Keeping the Faith through Emails

By Shannon Szefinski
Features Co-Editor

Sacred Heart University’s Office of Campus Ministry is doing its part to connect students through daily prayer emails titled “Take a Deep Breath.”

In response to questions from The Spectrum, the Campus Ministry leaders, Fr. Ed Stewart, Chaplain; Fr. Joe Farias, Chaplain; and Valerie Kisselback, Campus Minister, answered questions as a group in an email.

“Our series of Take a Deep Breath is meant to encourage the wider SHU community to spend daily moments of quiet reflection, to meditate on the big picture and to foster hope in the midst of these challenging times,” said Campus Ministry.

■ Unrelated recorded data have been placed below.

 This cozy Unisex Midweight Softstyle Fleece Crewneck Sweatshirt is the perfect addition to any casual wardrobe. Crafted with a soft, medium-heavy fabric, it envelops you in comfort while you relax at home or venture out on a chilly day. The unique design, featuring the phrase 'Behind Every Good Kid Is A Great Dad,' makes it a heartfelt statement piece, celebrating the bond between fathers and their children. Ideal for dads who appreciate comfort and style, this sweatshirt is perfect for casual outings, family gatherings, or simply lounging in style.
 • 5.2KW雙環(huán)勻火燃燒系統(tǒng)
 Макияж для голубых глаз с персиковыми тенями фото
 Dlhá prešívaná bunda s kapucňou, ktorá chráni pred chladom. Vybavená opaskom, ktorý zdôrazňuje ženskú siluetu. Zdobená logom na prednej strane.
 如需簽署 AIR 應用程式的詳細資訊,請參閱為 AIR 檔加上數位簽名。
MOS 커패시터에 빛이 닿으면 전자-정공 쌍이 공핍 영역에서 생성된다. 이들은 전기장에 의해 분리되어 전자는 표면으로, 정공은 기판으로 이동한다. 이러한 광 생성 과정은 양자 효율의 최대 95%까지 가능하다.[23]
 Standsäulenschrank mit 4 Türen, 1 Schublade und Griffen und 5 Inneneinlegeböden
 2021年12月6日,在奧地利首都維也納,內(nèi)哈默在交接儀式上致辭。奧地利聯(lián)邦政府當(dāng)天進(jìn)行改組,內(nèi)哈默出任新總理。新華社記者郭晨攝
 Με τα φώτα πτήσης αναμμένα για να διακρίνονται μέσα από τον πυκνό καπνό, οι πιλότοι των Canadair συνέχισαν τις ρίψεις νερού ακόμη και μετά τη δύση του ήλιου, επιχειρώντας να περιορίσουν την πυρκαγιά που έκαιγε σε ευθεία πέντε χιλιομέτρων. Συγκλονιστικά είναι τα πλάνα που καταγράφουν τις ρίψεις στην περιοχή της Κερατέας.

These emails have consisted of personal stories of strength, inspiring song lyrics and speeches of hope from Pope Francis, among many other topics.

“These emails have acted as a source of motivation and inspiration to get through my schoolwork throughout the day,” said junior Paige Campbell. “I find myself looking towards the daily emails as something to meditate on while going about my day.”

Campus Ministry works alongside Volunteer Programs/Service Learning as well as several members of the music faculty to create something that will be beneficial for the university community.

“Each of us has the freedom to use our own particular spirituality, human experience, and point of view to come up with something that we hope will resonate with, reassure and speak to the experience of our students, faculty and staff,” said Campus Ministry.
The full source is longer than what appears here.